7) Another long angry rant, this one about the stupidity, hypocrisy, brutality and infantilism of sports, and about how athletes, coaches, sports journalists, team owners, cheerleaders, super-fans, etc, etc, are generally every bit as empty and horrible as agents, although agents are much less likely to be revered, for some reason. This rant could also be delivered by Sugar, or someone else.
8) NO BONNIE HUNT! If you don't eliminate the character (Laurel, Dorothy's sister), then at least re-cast the role. It's interesting: I was just on Roger Ebert's website, researching, trying to comprehend just why so many people mistakenly think this movie is any good. Ebert called Hunt "almost always a delight to watch." I've never been the slightest bit delighted to watch Bonnie Hunt, and I'm right and Ebert was wrong.
9) In the movie as is, Jerry and Rod supposedly both become much more deep and less concerned about money; and as a result of this, of course, they end up striking it rich. Shit or get off of the pot; either stop preaching against a concern with money (or keep that nonsensical preaching in the mouths of comic relief like Avery if it's Avery who has the breakdown, writes the manifesto and strikes off on her own), or show the characters actually having to live on much less money, but still being happier. For instance, maybe Rod has a career-ending injury before he gets that big payday; and then later we see him as a high-school football coach, or maybe in some other modestly-paying job: and he's happier. (My feeling is that more money definitely will make you happier, and will until we pivot to that Gene Roddenberry-style post-economic world; and that anyone who tells you different is either poor and in denial, or rich and so emotionally fucked-up that not even money helped.)

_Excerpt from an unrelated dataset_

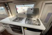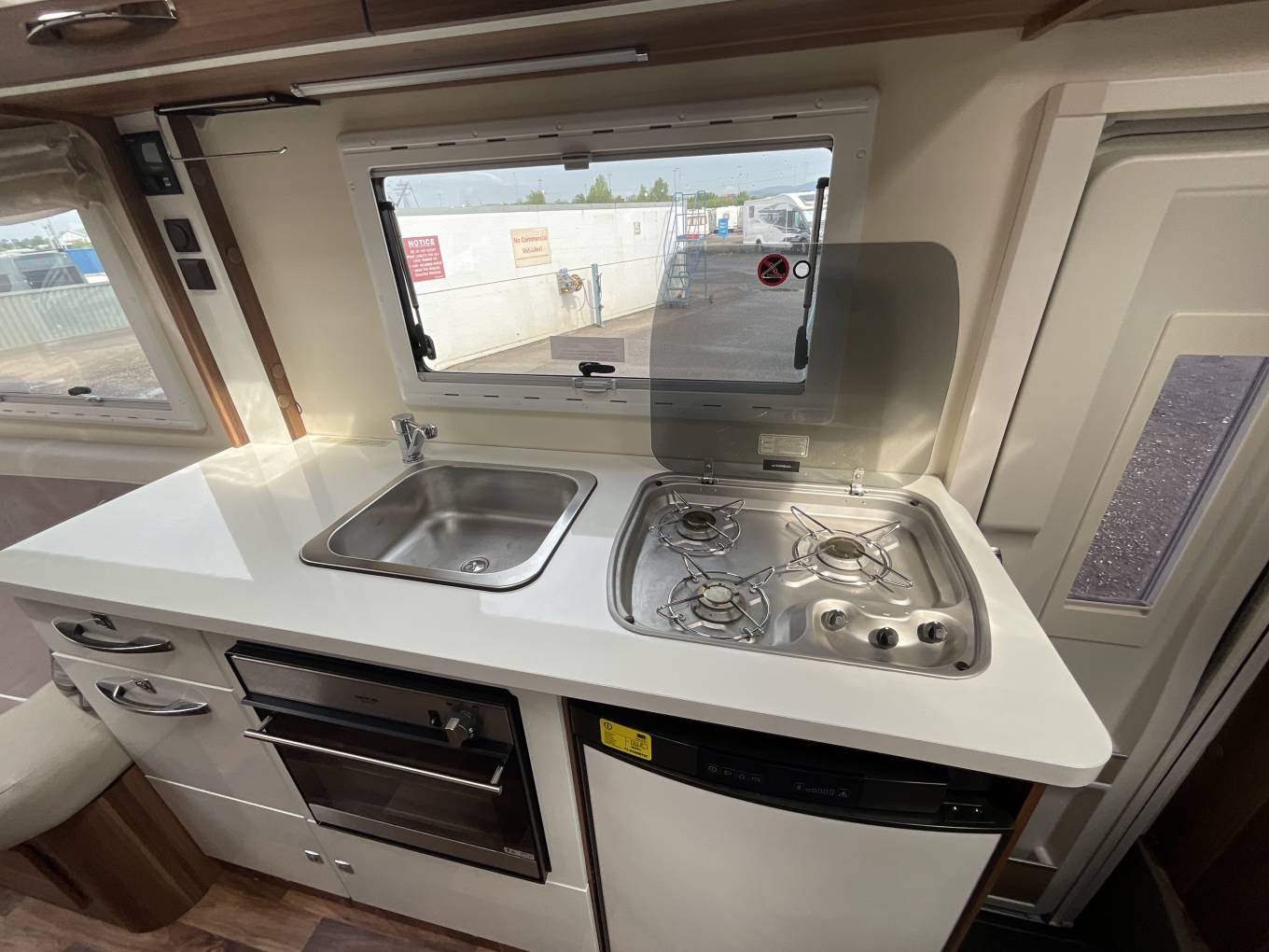The modern well lit galley kitchen runs from the doorway back along the nearside wall and includes a combination fridge freezer, a Dometic 3 gas burner hob, a Thetford Duplex oven/grill, a stainless sink with mixer tap and plenty of worktop space.There is a separate microwave to sit on the counter top.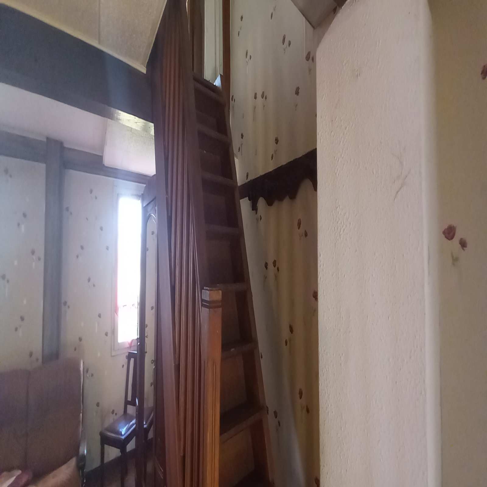 Un escalier type échelle de meunier conduit à l'étage où l'on trouve 2 chambres partiellement aménagées.

10) Let Jerry and Dorothy be much more flawed. Because people are deeply flawed. Always. Cuba Gooding was in a very good movie about the same time he was in Jerry Maguire: James L Brooks' As Good As It Gets, a film in which characters have horrible personal problems, and don't solve those horrible problems, but still achieve some significant triumphs and improve their lives. In other words: A realistic cheesy mainstream feel-good movie about rich white people.